▶ **Problem description**
Find the line containing "Paired with a" in the material below, then please transcribe it and each line after it exactly, without the pictures.

▶ **Data section**

_ _ _ _ _ _ _

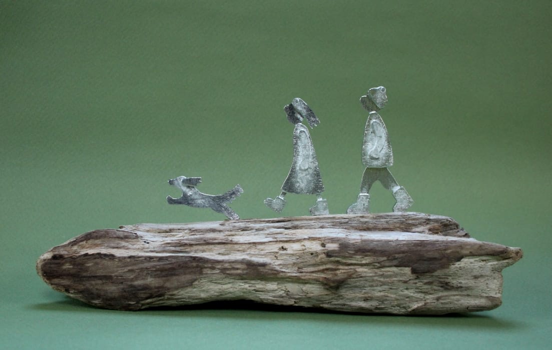 Length and depth measurements refer to the piece of driftwood and are approximate (wood is wiggly). The height refers to the driftwood plus the tallest piece of pewter. The figures themselves are two-dimensional and are approximately 6mm deep.
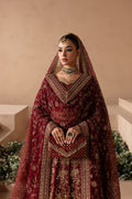 Paired with a heavily embroidered lehnga made from our luxurious raw silk. Artfully composed panels at front and back unveil a meticulous display of handwork. Details feature a blend of resham, dabka, naqshi, crystals, and more. Striking details display a finely embroidered belt at waist. This cascading lehnga comes with an attached can can.
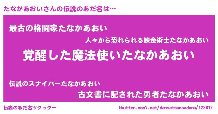 | ヒーロー風カッコイイあだ名 | 『幻影騎士タナ』『ネオタナカアオイ』 |
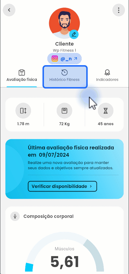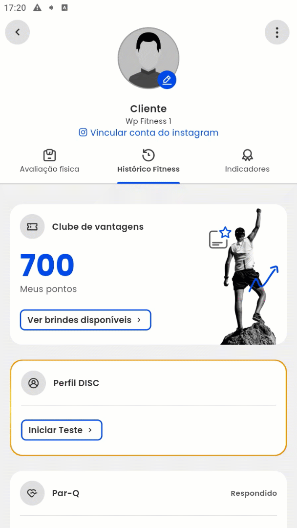 Por meio desse recurso, é possível visualizar o programa de treino atual, o histórico de atividades realizadas, os dias em que treinou e outras informações que ajudam o aluno a acompanhar seu desempenho ao longo do tempo.

_ _ _ _ _ _ _

▶ **Result**
 Paired with a heavily embroidered lehnga made from our luxurious raw silk. Artfully composed panels at front and back unveil a meticulous display of handwork. Details feature a blend of resham, dabka, naqshi, crystals, and more. Striking details display a finely embroidered belt at waist. This cascading lehnga comes with an attached can can.
 | ヒーロー風カッコイイあだ名 | 『幻影騎士タナ』『ネオタナカアオイ』 |
 Por meio desse recurso, é possível visualizar o programa de treino atual, o histórico de atividades realizadas, os dias em que treinou e outras informações que ajudam o aluno a acompanhar seu desempenho ao longo do tempo.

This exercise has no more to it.